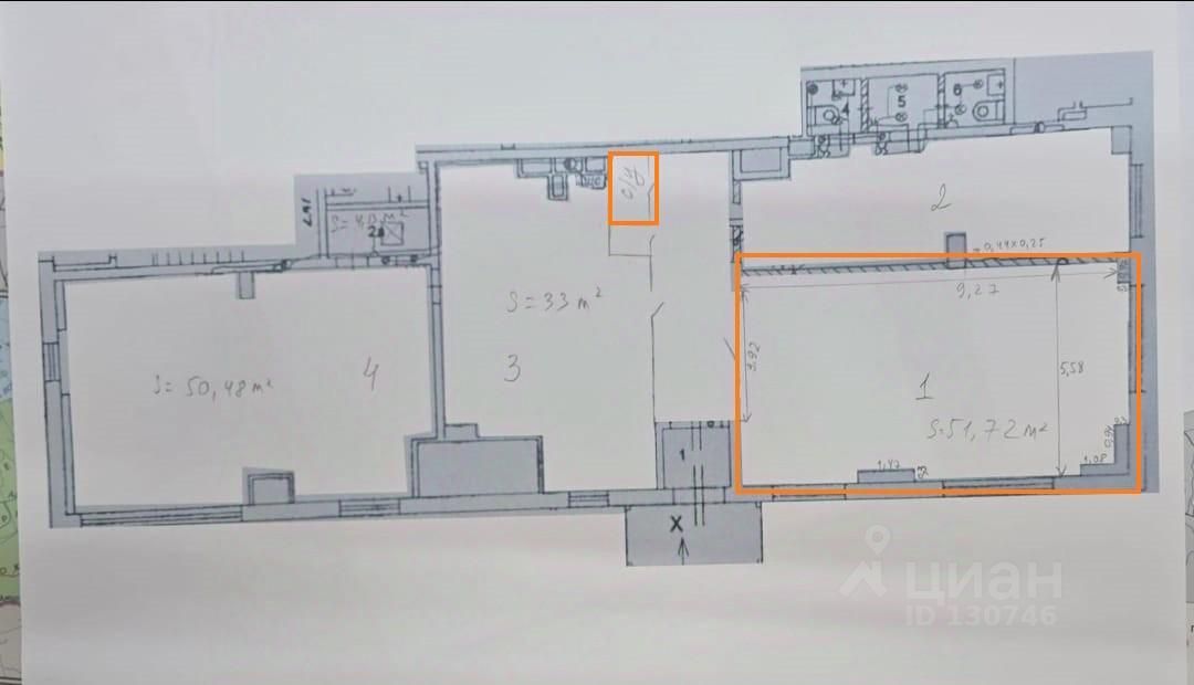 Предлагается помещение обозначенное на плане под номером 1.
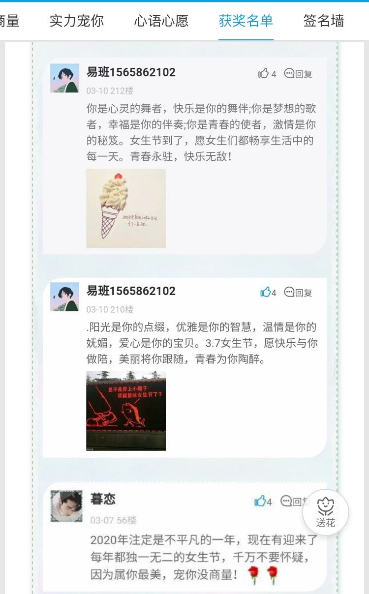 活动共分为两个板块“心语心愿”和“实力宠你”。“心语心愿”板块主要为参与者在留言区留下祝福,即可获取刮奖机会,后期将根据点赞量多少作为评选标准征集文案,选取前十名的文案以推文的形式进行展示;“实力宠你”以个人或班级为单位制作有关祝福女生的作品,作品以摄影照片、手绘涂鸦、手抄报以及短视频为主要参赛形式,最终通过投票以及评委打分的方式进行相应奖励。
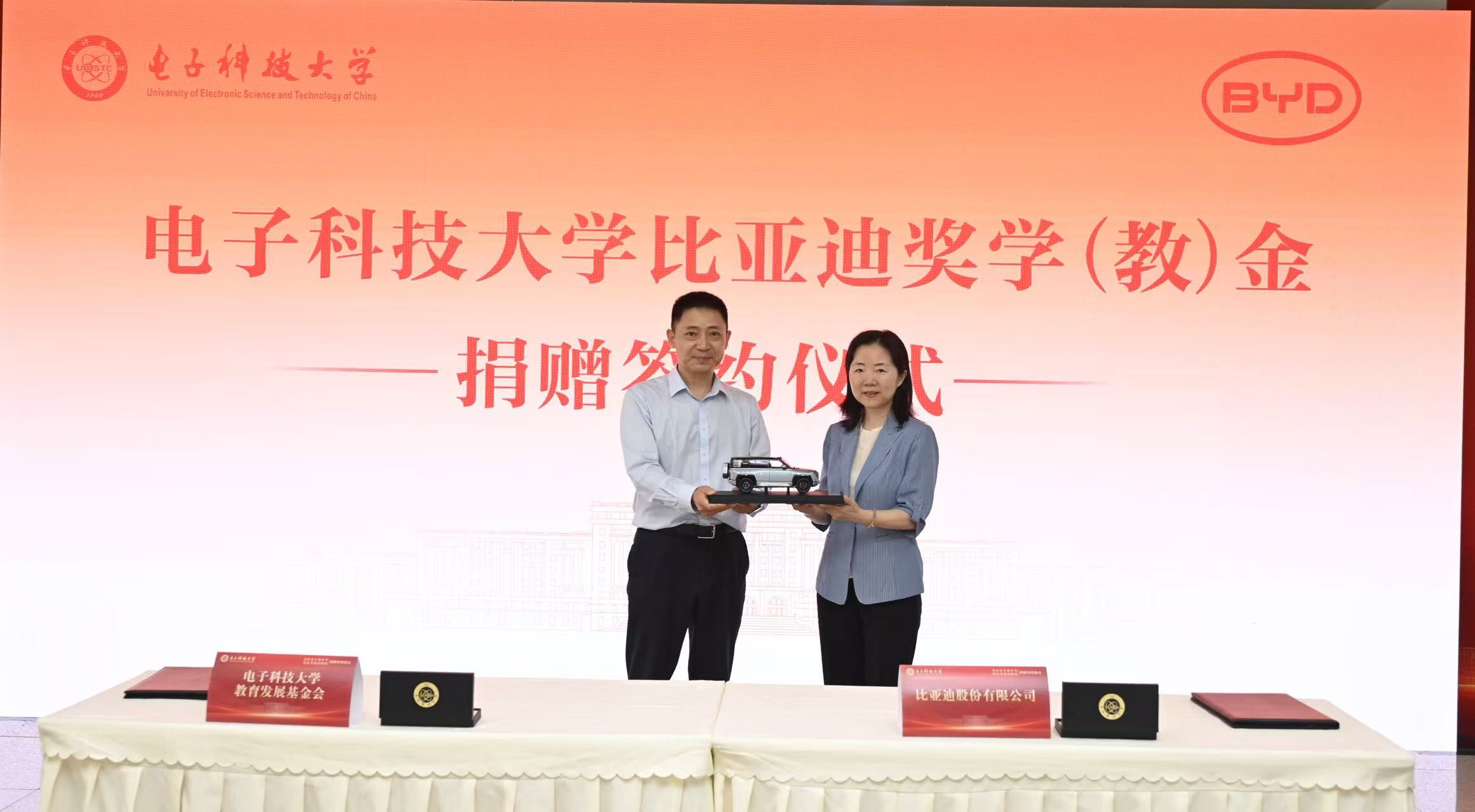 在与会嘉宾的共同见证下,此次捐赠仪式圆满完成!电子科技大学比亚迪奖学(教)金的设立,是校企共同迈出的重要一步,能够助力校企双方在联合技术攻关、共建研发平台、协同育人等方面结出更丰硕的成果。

...

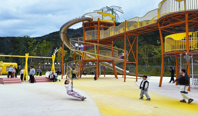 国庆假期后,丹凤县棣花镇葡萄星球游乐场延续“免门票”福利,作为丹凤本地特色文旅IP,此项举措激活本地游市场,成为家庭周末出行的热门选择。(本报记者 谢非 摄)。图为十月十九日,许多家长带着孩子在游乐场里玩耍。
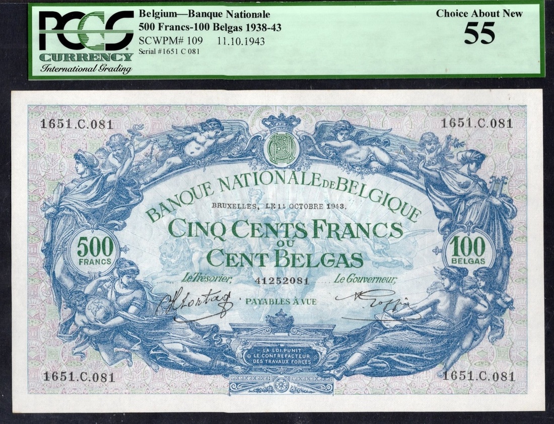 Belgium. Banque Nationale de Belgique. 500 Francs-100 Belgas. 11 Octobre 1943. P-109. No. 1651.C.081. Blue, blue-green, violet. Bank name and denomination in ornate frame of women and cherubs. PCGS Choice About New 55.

■ **What you have to do**: Quote word for word only the lines above from the one containing "Предлагается помещение обозначенное" through the one containing "在与会嘉宾的共同见证下,此次". Pictures stay out of your copy.

■ **Result of the exercise**:
 Предлагается помещение обозначенное на плане под номером 1.
 活动共分为两个板块“心语心愿”和“实力宠你”。“心语心愿”板块主要为参与者在留言区留下祝福,即可获取刮奖机会,后期将根据点赞量多少作为评选标准征集文案,选取前十名的文案以推文的形式进行展示;“实力宠你”以个人或班级为单位制作有关祝福女生的作品,作品以摄影照片、手绘涂鸦、手抄报以及短视频为主要参赛形式,最终通过投票以及评委打分的方式进行相应奖励。
 在与会嘉宾的共同见证下,此次捐赠仪式圆满完成!电子科技大学比亚迪奖学(教)金的设立,是校企共同迈出的重要一步,能够助力校企双方在联合技术攻关、共建研发平台、协同育人等方面结出更丰硕的成果。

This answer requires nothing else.